Are any of you knowledgeable folks aware of this issue?
Catmom :paw:
The recall you read about was specifically for the Vail Products company. Other companies manufacture similar beds, such as Posey and Soma. Posey's beds have an extremely thin mattress that I assume prevents patients from getting caught in between the mattress and netting.
We use these beds at my facility for impulsive patients that learn how to turn off their bed alarms and even certain TBIs. The patient is free to move around as much as they'd like while in the bed and they remain safe. I've never had a patient freak out about being in one of these types of beds; in fact, most appear to be much calmer.
My hospital doesn't actually own these beds. When we need one, we call the "Soma" company. They send a certified tech who brings the enclosure bed. Then they assemble it onto our regular Hill-Rom beds. This whole process from ordering to assembling takes 24 hrs. I guess in essence, we rent the Soma beds as needed.
My facility rents them from a local provider, also. It takes ~24h to get one in the room and ready to use.
Im not familiar with these beds at all but when i googled it , this came up...
Im not familiar with these beds at all but when i googled it , this came up...

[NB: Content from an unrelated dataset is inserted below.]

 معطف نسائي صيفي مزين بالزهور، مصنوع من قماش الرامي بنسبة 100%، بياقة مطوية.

Sounds like serious negligence.
When done correctly, most people are not placed in the beds and zipped up unless they are exhibiting behavior that compromises safety; pts also are supposed to be monitored frequently, and they are not supposed to be in the bed ATC; they should be with help ambulated or should have a diversion activity to prevent compromises to safety; skin checks and food and fluids should be offered, even engaging in conversation to determine whether the pts status has changed and the vail be can be discontinued; if applicable; although My experience the beds actually were a favorable outcome with all my pts; possibly due to the fact that my pts were neurologically compromised (TBI).

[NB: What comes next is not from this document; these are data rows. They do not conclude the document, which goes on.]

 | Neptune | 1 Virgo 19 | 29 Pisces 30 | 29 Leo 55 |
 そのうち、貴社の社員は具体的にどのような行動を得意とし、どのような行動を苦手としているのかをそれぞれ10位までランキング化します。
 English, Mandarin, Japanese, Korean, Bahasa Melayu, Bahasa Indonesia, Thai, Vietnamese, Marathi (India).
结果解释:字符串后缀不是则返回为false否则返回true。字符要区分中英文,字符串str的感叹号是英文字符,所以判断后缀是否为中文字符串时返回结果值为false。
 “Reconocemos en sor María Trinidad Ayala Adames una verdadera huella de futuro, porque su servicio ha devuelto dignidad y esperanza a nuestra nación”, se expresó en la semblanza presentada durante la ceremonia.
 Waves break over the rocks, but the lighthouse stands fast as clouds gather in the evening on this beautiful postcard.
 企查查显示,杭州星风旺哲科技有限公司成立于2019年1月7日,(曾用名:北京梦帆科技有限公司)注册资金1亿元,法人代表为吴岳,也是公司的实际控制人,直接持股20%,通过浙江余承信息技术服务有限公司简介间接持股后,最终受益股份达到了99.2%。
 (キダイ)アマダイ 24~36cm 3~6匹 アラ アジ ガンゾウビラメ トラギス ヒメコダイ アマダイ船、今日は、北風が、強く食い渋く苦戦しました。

Even though we have one side of the story; it seems as the pt was not "released" from the bed; however, with good documentation; they may have been (if it has been resolved) able to resolve the case if all the proper steps when a pt is restrained were followed through as well.

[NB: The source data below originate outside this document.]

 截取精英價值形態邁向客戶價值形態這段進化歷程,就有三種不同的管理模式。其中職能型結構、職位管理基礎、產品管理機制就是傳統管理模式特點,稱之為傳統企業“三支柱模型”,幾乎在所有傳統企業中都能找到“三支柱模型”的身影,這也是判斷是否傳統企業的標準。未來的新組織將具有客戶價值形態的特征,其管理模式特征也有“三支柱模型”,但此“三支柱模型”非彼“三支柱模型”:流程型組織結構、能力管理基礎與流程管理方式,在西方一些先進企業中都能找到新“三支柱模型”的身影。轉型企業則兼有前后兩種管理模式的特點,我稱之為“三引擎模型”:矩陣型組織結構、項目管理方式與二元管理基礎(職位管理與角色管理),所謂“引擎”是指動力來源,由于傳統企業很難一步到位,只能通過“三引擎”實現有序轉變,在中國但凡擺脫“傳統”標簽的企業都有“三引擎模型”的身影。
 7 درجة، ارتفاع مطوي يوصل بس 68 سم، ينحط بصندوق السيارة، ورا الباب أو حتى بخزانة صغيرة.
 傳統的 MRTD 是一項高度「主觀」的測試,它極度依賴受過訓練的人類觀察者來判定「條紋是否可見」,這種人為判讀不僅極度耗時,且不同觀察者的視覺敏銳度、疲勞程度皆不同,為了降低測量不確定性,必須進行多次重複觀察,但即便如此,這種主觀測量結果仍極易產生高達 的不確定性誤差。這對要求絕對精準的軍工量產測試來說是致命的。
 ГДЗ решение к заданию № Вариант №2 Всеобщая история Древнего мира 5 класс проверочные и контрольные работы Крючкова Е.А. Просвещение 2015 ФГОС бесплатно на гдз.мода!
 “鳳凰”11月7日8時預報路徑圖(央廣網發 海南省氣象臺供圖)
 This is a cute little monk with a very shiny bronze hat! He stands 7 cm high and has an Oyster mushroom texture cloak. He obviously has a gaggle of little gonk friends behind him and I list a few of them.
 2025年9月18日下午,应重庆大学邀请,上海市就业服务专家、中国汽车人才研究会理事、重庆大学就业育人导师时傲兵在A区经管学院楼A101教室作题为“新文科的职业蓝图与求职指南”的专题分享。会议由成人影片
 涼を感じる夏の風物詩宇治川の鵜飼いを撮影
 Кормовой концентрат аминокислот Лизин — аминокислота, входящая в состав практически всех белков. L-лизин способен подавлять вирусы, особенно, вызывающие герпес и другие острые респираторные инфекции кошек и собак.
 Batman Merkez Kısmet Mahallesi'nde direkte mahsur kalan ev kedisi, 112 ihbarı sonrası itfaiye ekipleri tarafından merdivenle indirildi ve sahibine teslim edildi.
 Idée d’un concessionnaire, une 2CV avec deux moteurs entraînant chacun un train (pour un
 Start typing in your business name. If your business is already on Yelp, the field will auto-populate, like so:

I have worked in a facilty that used a Posey Bed for a patient who had Huntington's Disease. It was the ONLY way to keep him and us safe. He was angry at the world (which I might be as well), his family refused to see him anymore (his children blamed him as one of them had been diagnosed as well), his wife divorced him and moved on, and he was a tall guy. We always had to have at least 2 of us when we provided care as he would fight like the dickens. It was a forever battle to keep that bed clean, but we would team up and made it work (we could bribe him with Little Debbie cakes). If it wasn't for that bed I don't know how any of us would have survived a shift.
We don't have any enclosed beds. We have Hi-Lo beds that pretty much go to the floor to help prevent injuries if someone falls. We also have cushioned matts to put on either side of the bed on the floor.Other than that, we have bed alarms that go off if the patients try to get out of bed, and mitts for patients who pull at tubes.
Many times they end up with a sitter because they keep challenging the bed checks.
Those beds sound way safer, but I could see how a family would be put off by it.
That's what we do. In Washington, restraints without a physician's order or patient consent are considered a violation of OBRA. A bedrail or an over-bed table that the resident can't move is considered a restraint and patients/residents must sign a waiver if they want them.
It's not like there's a perfect, no-harm option. There are risks and harms from both using and not using restraints. Injury and death risks on both sides of the equation. Sigh.
TheCommuter, BSN, RN
102 Articles; 27,612 Posts
It's nice that your ratios are 1:6, but the ratios at my hospital run from 1:7 to 1:12 on both day and night shifts, so we do not have the time to keep running into the room. We also do not have money in the budget for 1:1 sitters. Long live vail beds.